OREANDA-NEWS. May 4, 2012. Globaltrans Investment PLC (“the Company” or together with its consolidated subsidiaries “Globaltrans” or “the Group”), (LSE ticker: GLTR) announces that the Company held its Annual General Meeting of shareholders (“AGM”) on 4 May 2012 under the chairmanship of Mr. Konstantin Shirokov, Executive Director.

The AGM was held at 6 Karaiskakis Street, City House, 3rd Floor, CY-3032, Limassol, Cyprus on 4 May 2012 at 10:00 a.m., and had a quorum with 154,498,416 shares, corresponding to 100% of the issued and outstanding shares represented by corporate representatives.

The AGM adopted the following noteworthy resolutions:

1. Adoption of the Group and Company audited financial statements together with the reports of the directors and the auditor for the financial year ended 31 December 2011. This resolution was passed by a majority of all the members present at the meeting with 151,872,415 votes in favour.

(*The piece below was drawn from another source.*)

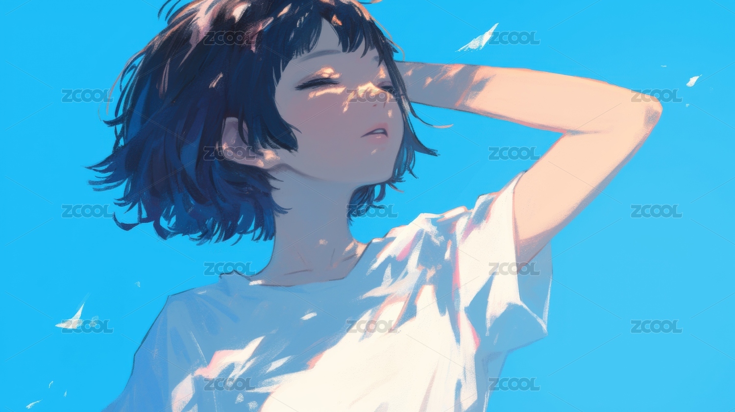 插画,梦幻,微笑,明亮,柔和,艺术,自然,少年,温馨,阳光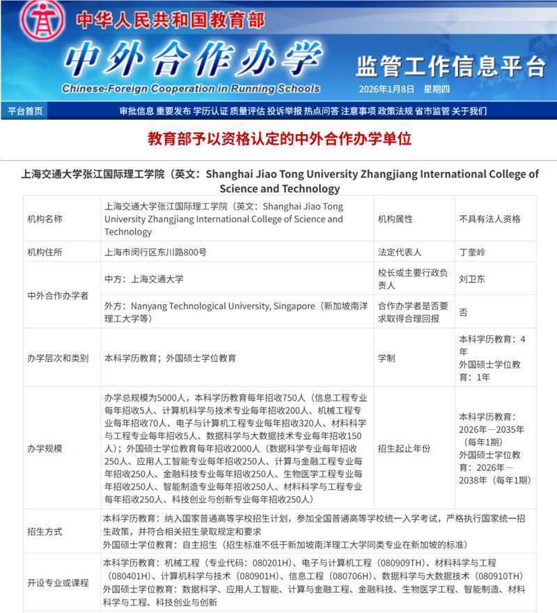 中国青年报客户端讯(中青报·中青网记者王烨捷)记者1月8日从上海交通大学获悉,由上海交通大学与新加坡南洋理工大学合作举办的上海交通大学张江国际理工学院已获教育部批准。教育部官网数据显示,该学院坐落于上海市浦东新区的张江高科技园区,2026年起招生,每年招收本科生750人,外国硕士学位教育每年招收2000人,总办学规模为5000人。

2. Approval of the distribution by the Company of final dividends in respect of the financial year ended on 31 December 2011 in the amount of 64 US cents per ordinary share. This resolution was passed by a majority of all the members present at the meeting with 151,872,415 votes in favour. As it was announced on 17 April 2012, the dividend record date was set on 4 May 2012 and payment date on 7 May 2012. Holders of the Global Depositary Receipts of the Company (“GDRs”) will receive the dividends approximately 3 business days after the payment date. The GDRs were marked ex-dividend on 2 May 2012.

3. Re-appointment of PricewaterhouseCoopers Limited as auditors of the Company to hold office until the conclusion of the next general meeting at which the accounts are laid before the Company and authorisation of the Board of Directors to determine the remuneration of the auditors. This resolution was passed by a majority of all the members present at the meeting with 151,632,242 votes in favour.

4. Alexander Eliseev was re-elected as a director of the Company for a period of one year to hold office until the conclusion of the next AGM of the Company. This resolution was passed by a majority of all the members present at the meeting with 148,567,855 votes in favour.

5. Michael Zampelas was re-elected as a director of the Company for a period of one year to hold office until the conclusion of the next AGM of the Company with an annual gross remuneration of EUR60,000 (sixty thousand). This resolution was passed by a majority of all the members present at the meeting with 151,332,537 votes in favour.

6. Johann Franz Durrer was re-elected as a director of the Company for a period of one year to hold office until the conclusion of the next AGM of the Company with an annual gross remuneration of EUR110,000 (one hundred ten thousand). This resolution was passed by a majority of all the members present at the meeting with 151,332,537 votes in favour.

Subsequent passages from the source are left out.